A bag is dropped from a helicopter rising vertically at a constant speed of 2 m/s. The distance between the two after 2s is (Given $g = 9 \cdot 8m{s^{ - 2}}$ ).
A) 4.9 m.
B) 19.6 m.
C) 29.4 m.
D) 39.2 m.

Answer 1

Solution

The speed of the helicopter is in upwards and therefore the bag will initially move upwards to reach at a point where the final velocity becomes zero and then the bag will start falling down towards ground as the acceleration due to gravity is always in the downwards direction.

Formula used: The formula of first relation of Newton’s law of motion is given by,
$\Rightarrow v = u + at$
Where final velocity is v initial velocity is u the acceleration is a and the time taken is t.
The formula of the second relation of Newton’s law of motion is given by,
$\Rightarrow s = ut + \dfrac{1}{2}at$
Where displacement is s the initial velocity is u the acceleration is a and the time taken is t.

Complete step by step solution:
It is given in the problem that a bag is dropped from a helicopter rising vertically at a constant speed of $2\dfrac{m}{s}$ and we need to find the distance between the bag and the helicopter after 2s.
The formula of first relation of Newton’s law of motion is given by,
$\Rightarrow v = u + at$
Where final velocity is v initial velocity is u the acceleration is a and the time taken is t.
The final velocity of the bag is equal to,
$\Rightarrow v = u + at$
The initial velocity of the bag is zero and the time taken is equal to 2s.
$\Rightarrow v = 0 + \left( {9 \cdot 8} \right) \cdot 2$
$\Rightarrow v = 19 \cdot 6\dfrac{m}{s}$
The formula of the second relation of Newton’s law of motion is given by,
$\Rightarrow s = ut + \dfrac{1}{2}at$
Where displacement is s the initial velocity is u the acceleration is a and the time taken is t.
The distance between bag and the helicopter is equal to,
$\Rightarrow s = \left( 0 \right) \cdot t + \dfrac{1}{2} \times \left( {9 \cdot 8} \right) \times {\left( 2 \right)^2}$
$\Rightarrow s = \dfrac{1}{2} \times \left( {9 \cdot 8} \right) \times {\left( 2 \right)^2}$
$\Rightarrow s = 19 \cdot 6m$
The distance between the helicopter and the bag after 2 sec is equal to $s = 19 \cdot 6m$ .

The correct answer for this problem is option (B).

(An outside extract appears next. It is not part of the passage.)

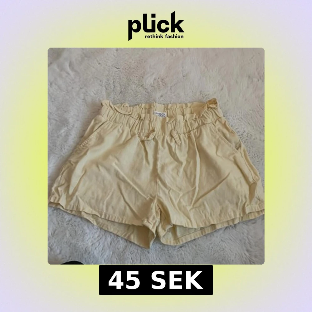 Säljer ett par ljusgula shorts från Lindex med elastisk midja och volangkant upptill. Shortsen har fickor på sidorna och är tillverkade i ett mjukt bomullsmaterial. Perfekta för varma dagar!
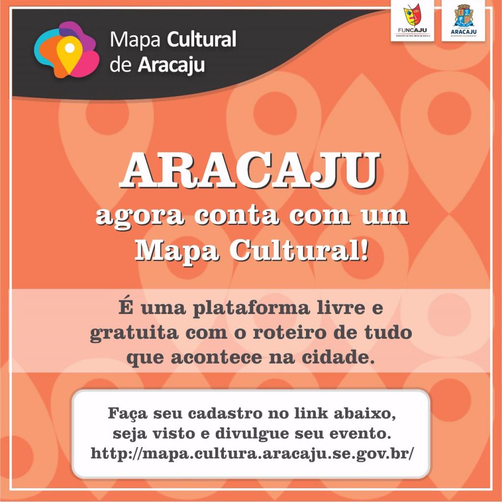 Aracaju é agora passa a contar com o Mapa Cultural, plataforma livre, gratuita e colaborativa de mapeamento que ajudará os aracajuanos e turistas a se programarem. O aplicativo online, idealizado pelo Ministério da Cultura, em parceria com o Instituto TIM, está operando e entra na fase de inscrições. Por isso, a Prefeitura Municipal de Aracaju, através da Fundação Cultural Cidade de Aracaju (Funcaju), está convocando os agentes culturais da capital sergipana para se cadastrarem.

Note: It is advisable to the students to understand and remember the relations in the formula of Newton’s law of motion. The initial velocity of the bag with respect to the helicopter is zero and as the time passes due to the acceleration due to gravity the velocity of the bag keeps on increasing till the bag reaches ground.